Verdachte heeft geen relevante documentatie. De rechtbank heeft acht geslagen op een voorlichtingsrapport van Reclassering Nederland. Daarin wordt gesteld dat het herhalingsgevaar gering is en geadviseerd wordt tot het verrichten van een werkstraf. Gelet op de proceshouding van verdachte en de gepassioneerde wijze waarop verdachte zijn (vogel)hobby beoefent, acht de rechtbank weldegelijk een recidivekans aanwezig.
De rechtbank acht het, gelet op de aard en de ernst van hetgeen bewezen is verklaard, de omstandigheden waaronder het is begaan en de persoon van verdachte, zoals van een en ander uit het onderzoek ter zitting is gebleken, oplegging van een taakstraf in de vorm van een werkstraf van na te melden duur passend en geboden.

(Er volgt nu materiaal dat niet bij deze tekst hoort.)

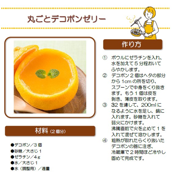 デコポンは、清見オレンジとポンカンの交配品種の一種「不知火(しらぬい)」のうち、糖度13.0度、酸度1.0度以下などの厳しい基準をクリアしたものに付けられる名称です。ビタミンCはみかんの約1.6倍。クエン酸もたっぷりで疲労回復におすすめです。

Gelet op hetgeen hiervoor is overwogen, is de rechtbank voorts van oordeel dat een voorwaardelijke vrijheidsstraf op zijn plaats is, zij het met een proeftijd van kortere duur dan gevorderd door de officier van justitie.
Voorts ziet de rechtbank aanleiding om aan deze voorwaardelijke straf een bijzondere voorwaarde te koppelen, inhoudende dat verdachte binnen zes maanden nadat dit vonnis onherroepelijk is geworden een som geld ten bedrag van € 2.500,- (vijfentwintighonderd euro) zal overmaken ten gunste van de vogelopvang De Fûgelhelling te Ureterp, met toekoming van bewijs van kwijting aan de officier van justitie.
Inbeslaggenomen goederen
De rechtbank acht de inbeslaggenomen vogelvangkooi vatbaar voor onttrekking aan het verkeer nu het onder 5 telastegelegde feit hiermee is begaan en van zodanige aard is dat het ongecontroleerde bezit daarvan door verdachte in strijd is met de wet of met het algemeen belang.
Toepassing van wetsartikelen
De rechtbank heeft gelet op de artikelen 14a, 14b, 14c, 22c (oud), 22d, 36b (oud), 36c, 47, 57 (oud), 225 en 416 van het Wetboek van Strafrecht, de artikelen 13 en 15 van de Flora- en faunawet, artikel 11 Besluit Beheer en schadebestrijding van dieren en de artikelen 1a, 2 en 6 van de Wet op de economische delicten.
DE UITSPRAAK VAN DE RECHTBANK LUIDT, RECHTDOENDE:
Verklaart het onder 1, 2, 3 4 primair en 5 telastegelegde bewezen, te kwalificeren en strafbaar in voege als voormeld en verdachte deswege strafbaar.
Veroordeelt verdachte te dier zake tot:
Een werkstraf, bestaande uit het verrichten van 240 uren onbetaalde arbeid.
Beveelt dat voor het geval de veroordeelde de werkstraf niet naar behoren verricht, vervangende hechtenis voor de duur van 120 dagen zal worden toegepast.
Beveelt dat de tijd door de veroordeelde vóór de tenuitvoerlegging van deze uitspraak in verzekering en/of voorlopige hechtenis doorgebracht, bij de uitvoering van de opgelegde werkstraf geheel in mindering zal worden gebracht naar de maatstaf van 2 uren per dag inverzekeringstelling/voorlopige hechtenis.
Een gevangenisstraf voor de duur van 6 maanden.
Bepaalt, dat deze gevangenisstraf niet zal worden tenuitvoergelegd, tenzij de rechter later anders mocht gelasten, op grond, dat de veroordeelde zich voor het einde van een proeftijd, welke hierbij wordt vastgesteld op twee jaren, aan een strafbaar feit heeft schuldig gemaakt of gedurende die proeftijd de hierna te vermelden bijzondere voorwaarde niet heeft nageleefd.
Stelt als bijzondere voorwaarde, dat de veroordeelde binnen 6 maanden na aanvang van de proeftijd een som geld ten bedrage van € 2.500,-- (vijfentwintighonderd euro) zal overmaken ten gunste van de Stichting Vogelasiel "de Fûgelhelling", De Feart 1, 9247 CK Ureterp, bankrekeningnummer. 38.90.98.620.
Van die betaling dient veroordeelde een bewijs van kwijting te doen toekomen aan de officier van justitie, Postbus 639, 8000 AP Zwolle.
Verklaart onttrokken aan het verkeer de inbeslaggenomen vogelvangkooi, type klepkooi.
Verklaart niet bewezen hetgeen aan verdachte meer of anders is telastegelegd dan het bewezenverklaarde en spreekt verdachte daarvan vrij.
Dit vonnis is gewezen door mr. J.Y.B. Jansen, voorzitter, mr. M. Brinksma en mr. J. van Bruggen, rechters, bijgestaan door A. van Dijk, griffier, en uitgesproken ter openbare terechtzitting van deze rechtbank op 1 juli 2008.